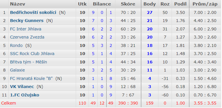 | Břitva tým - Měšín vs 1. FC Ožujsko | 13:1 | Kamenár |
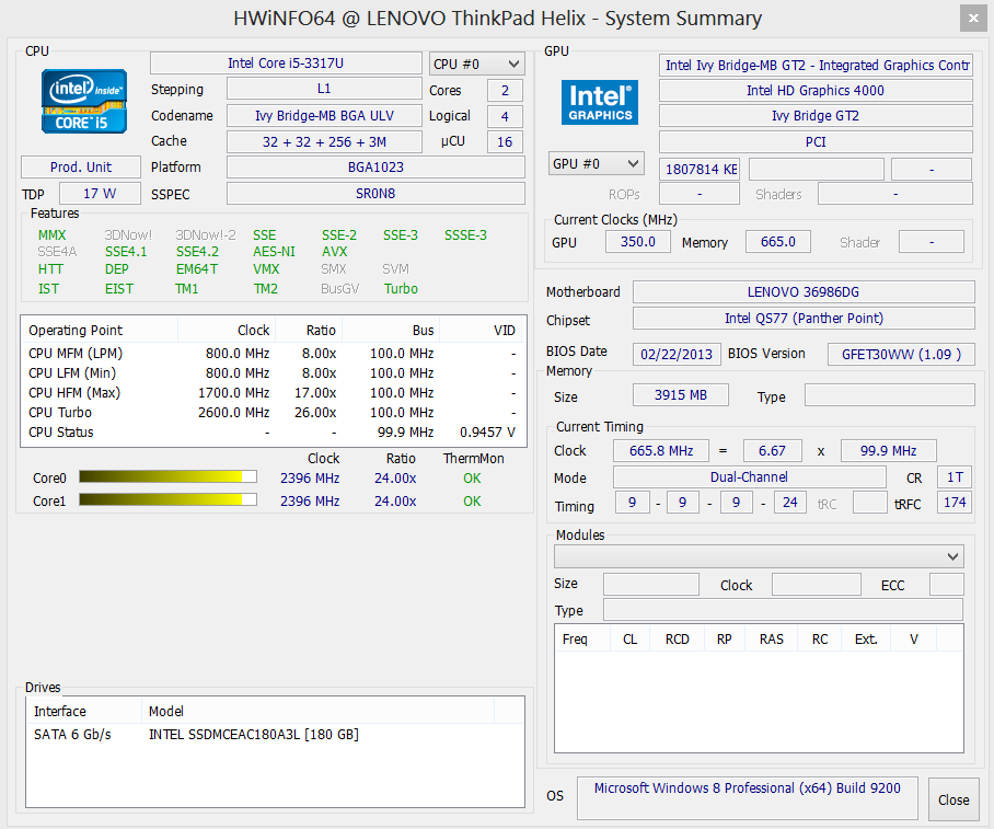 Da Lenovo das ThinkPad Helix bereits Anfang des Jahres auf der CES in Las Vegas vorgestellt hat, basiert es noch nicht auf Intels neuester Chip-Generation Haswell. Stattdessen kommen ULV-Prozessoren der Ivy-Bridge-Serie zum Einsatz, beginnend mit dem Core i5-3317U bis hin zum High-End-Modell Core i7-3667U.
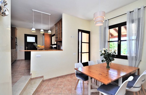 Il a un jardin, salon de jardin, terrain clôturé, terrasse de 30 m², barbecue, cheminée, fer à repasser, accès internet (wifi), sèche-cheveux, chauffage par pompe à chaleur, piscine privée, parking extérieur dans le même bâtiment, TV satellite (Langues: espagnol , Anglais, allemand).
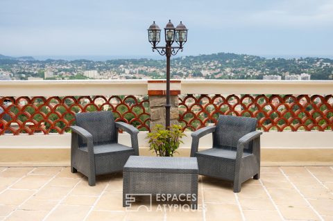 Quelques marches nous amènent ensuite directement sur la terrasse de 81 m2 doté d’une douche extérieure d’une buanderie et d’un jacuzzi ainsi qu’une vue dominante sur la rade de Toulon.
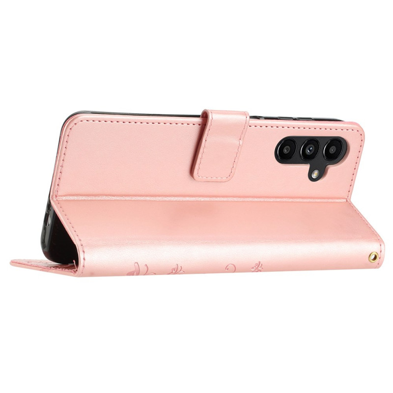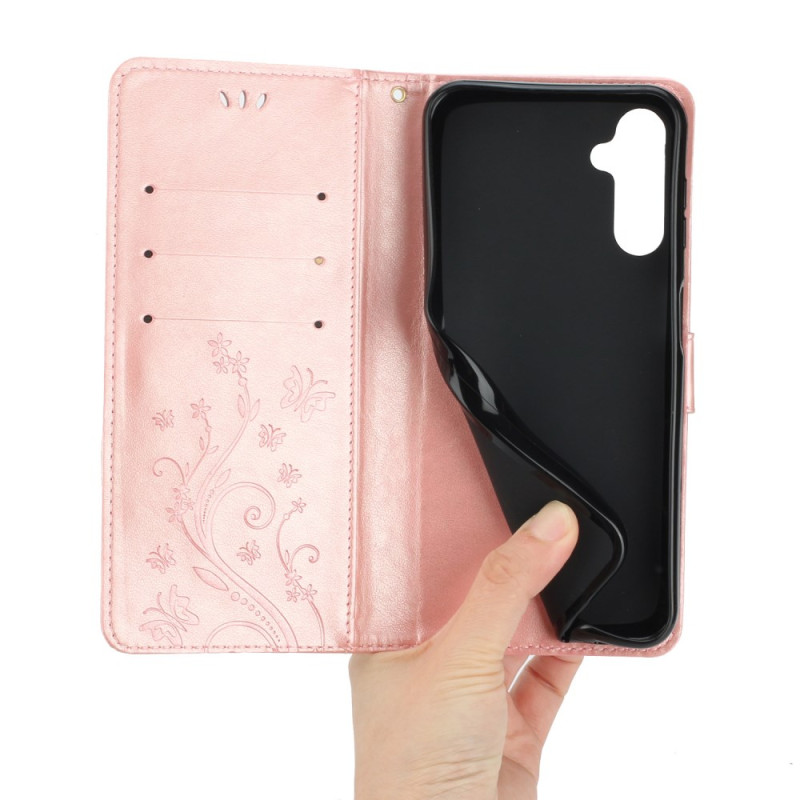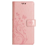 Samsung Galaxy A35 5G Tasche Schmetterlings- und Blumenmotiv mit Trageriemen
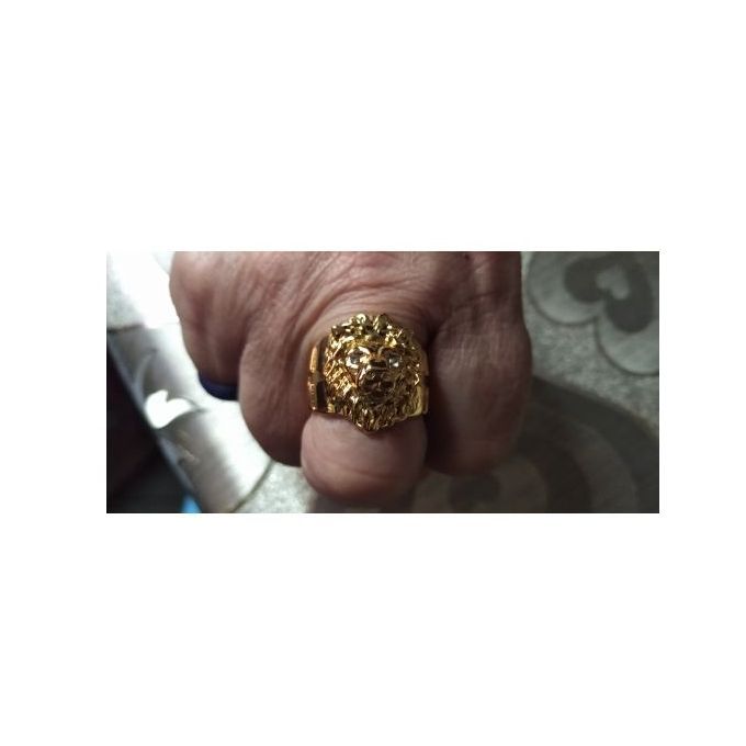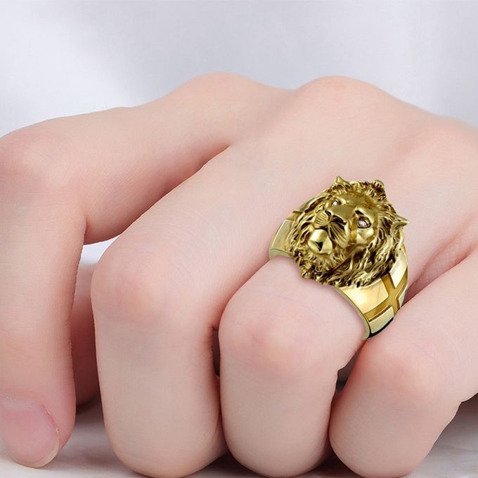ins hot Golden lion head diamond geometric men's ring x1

== == ==

• _Description of the task_: Would you print, exactly as they appear, the lines from the line with "Il a un jardin, salon" through the end of the entries above, leaving out the pictures?

• _Task solution_:
 Il a un jardin, salon de jardin, terrain clôturé, terrasse de 30 m², barbecue, cheminée, fer à repasser, accès internet (wifi), sèche-cheveux, chauffage par pompe à chaleur, piscine privée, parking extérieur dans le même bâtiment, TV satellite (Langues: espagnol , Anglais, allemand).
 Quelques marches nous amènent ensuite directement sur la terrasse de 81 m2 doté d’une douche extérieure d’une buanderie et d’un jacuzzi ainsi qu’une vue dominante sur la rade de Toulon.
 Samsung Galaxy A35 5G Tasche Schmetterlings- und Blumenmotiv mit Trageriemen
ins hot Golden lion head diamond geometric men's ring x1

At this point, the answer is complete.